── Data section ──

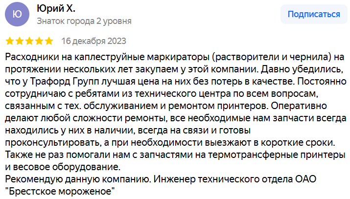 Расходники на каплеструйные маркираторы (растворители и чернила) на протяжении нескольких лет закупаем у этой компании. Давно убедились, что у Трафорд Групп лучшая цена на них без потерь в качестве. Постоянно сотрудничаю с ребятами из технического центра по всем вопросам, связанным с тех. обслуживанием и ремонтом принтеров. Оперативно делают любой сложности ремонты, все необходимые нам запчасти всегда находились у них в наличии, всегда на связи и готовы проконсультировать, а при необходимости выезжают в короткие сроки. Также не раз помогали нам с запчастями на термотрансферные принтеры и весовое оборудование.
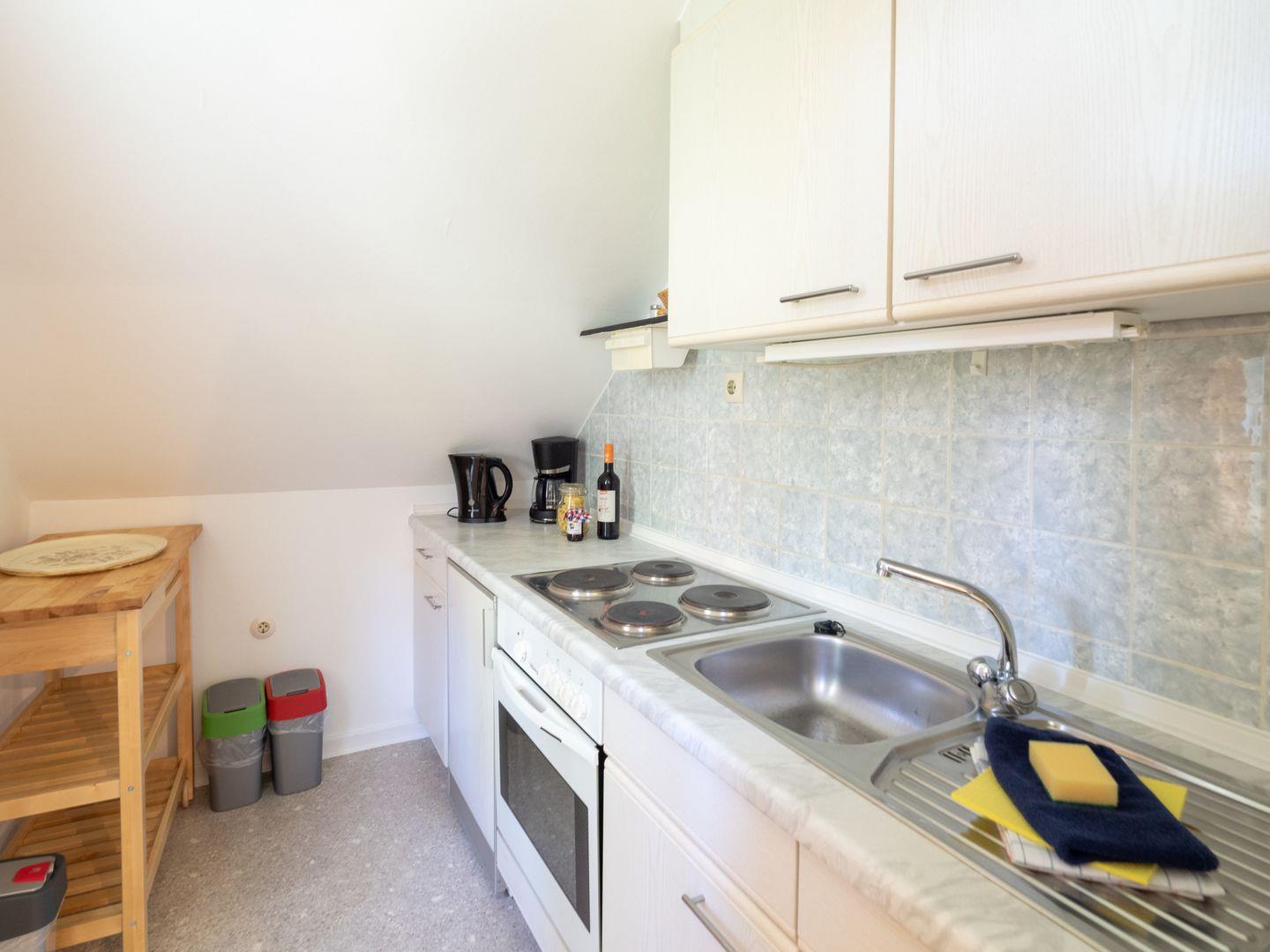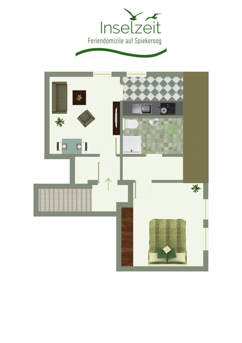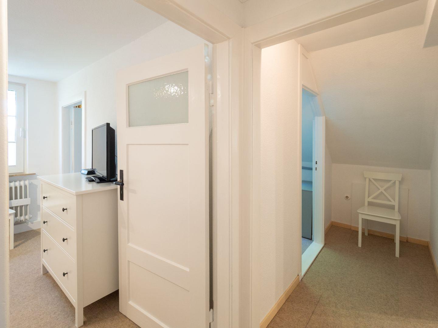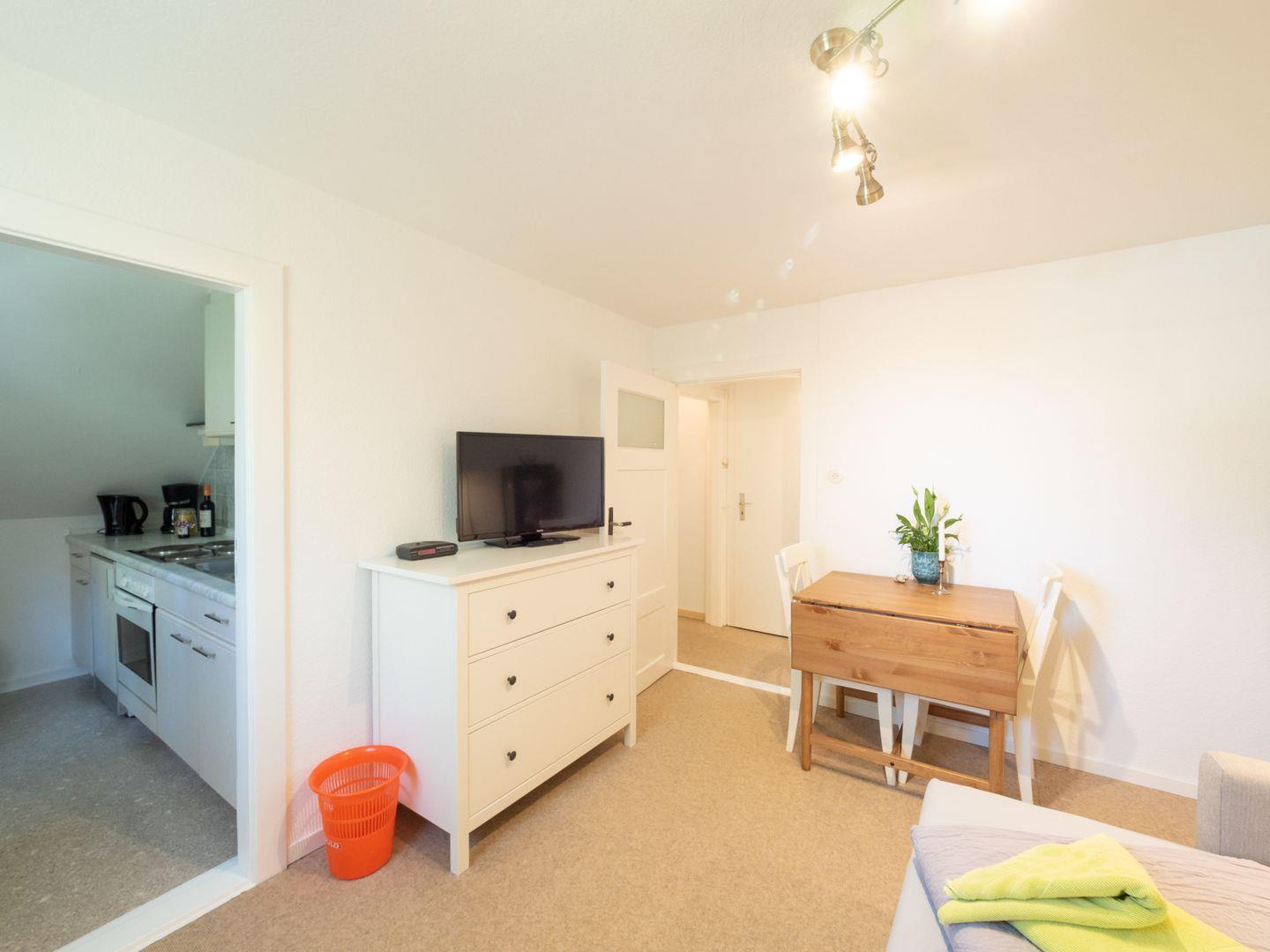 Die Wohnung bietet Platz für drei Personen (+ ein Kleinkind) und Hund. Schlafzimmer, Bad mit Dusche/WC, Wohnzimmer und Küche. Die Wohnung liegt im alten Inseldorf.
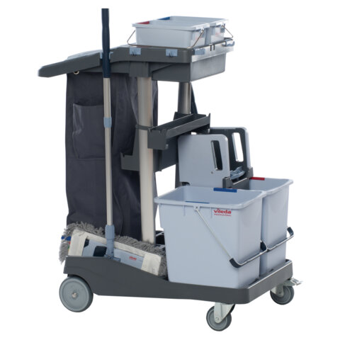 Комплексная тележка ВолеоПро с вертикальным отжимом. Компактная и маневренная. Позволяет комфортно убирать небольшие территории и легко помещается в стандартный лифт.
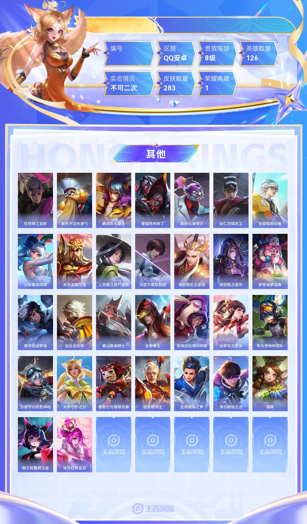 【终身找回包赔】【5级铭文数量0 召唤师等级0 白银Ⅰ 贵族V0】【终身找回包赔】【6QYQIGCCA】珍品传说2典藏1传说21史诗85限定98英雄126皮肤283稀有英雄10贵族8级总场次9149皮肤价值:219144 【珍品传说2】张飞兔狲蓬尾马可波罗怪盗基德
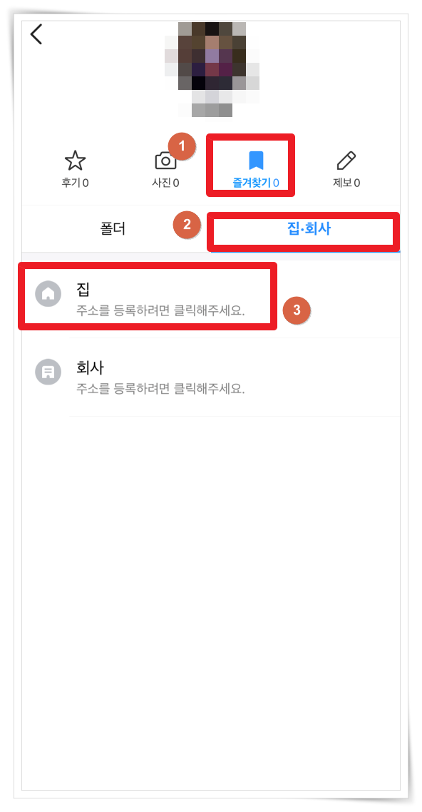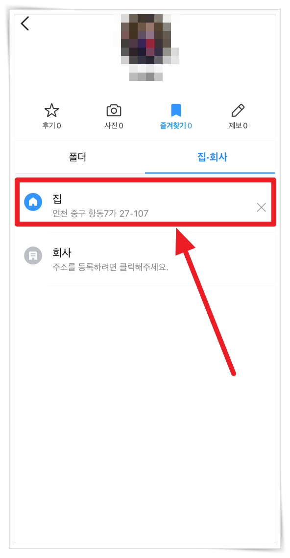 3. "즐겨찾기" > "집, 회사" > "집"을 클릭해 주세요.
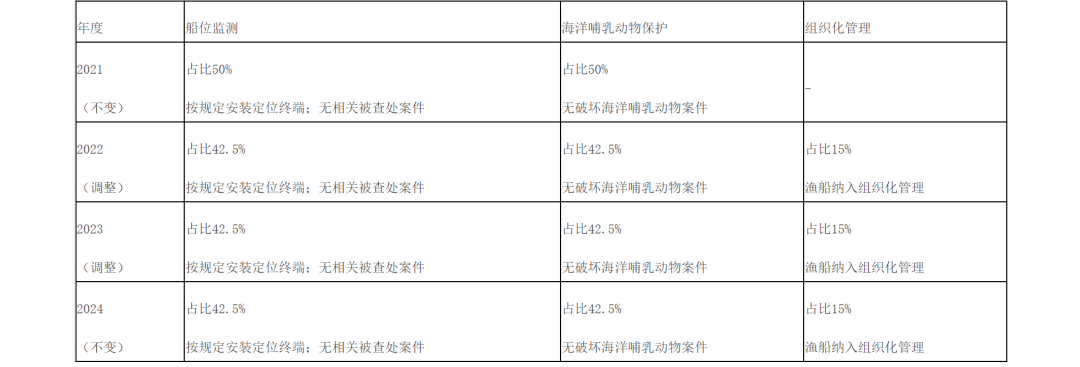 一是将海洋大中型捕捞渔船(12米以上)负责任捕捞补贴指标比重系数统一设定为进出港报告、船位监测、渔捞日志、定港上岸、海洋哺乳动物保护、组织化管理各占相应补助类型负责任捕捞补贴总额的15%、幼鱼比例占负责任捕捞补贴总额的10%。

───

§ **Problem to work on**
Pictures must be left out of the answer, which should be exactly the lines from the one holding "Комплексная тележка ВолеоПро" through the last line of the entries above, both included; please add nothing.

§ **Answer box**
 Комплексная тележка ВолеоПро с вертикальным отжимом. Компактная и маневренная. Позволяет комфортно убирать небольшие территории и легко помещается в стандартный лифт.
 【终身找回包赔】【5级铭文数量0 召唤师等级0 白银Ⅰ 贵族V0】【终身找回包赔】【6QYQIGCCA】珍品传说2典藏1传说21史诗85限定98英雄126皮肤283稀有英雄10贵族8级总场次9149皮肤价值:219144 【珍品传说2】张飞兔狲蓬尾马可波罗怪盗基德
 3. "즐겨찾기" > "집, 회사" > "집"을 클릭해 주세요.
 一是将海洋大中型捕捞渔船(12米以上)负责任捕捞补贴指标比重系数统一设定为进出港报告、船位监测、渔捞日志、定港上岸、海洋哺乳动物保护、组织化管理各占相应补助类型负责任捕捞补贴总额的15%、幼鱼比例占负责任捕捞补贴总额的10%。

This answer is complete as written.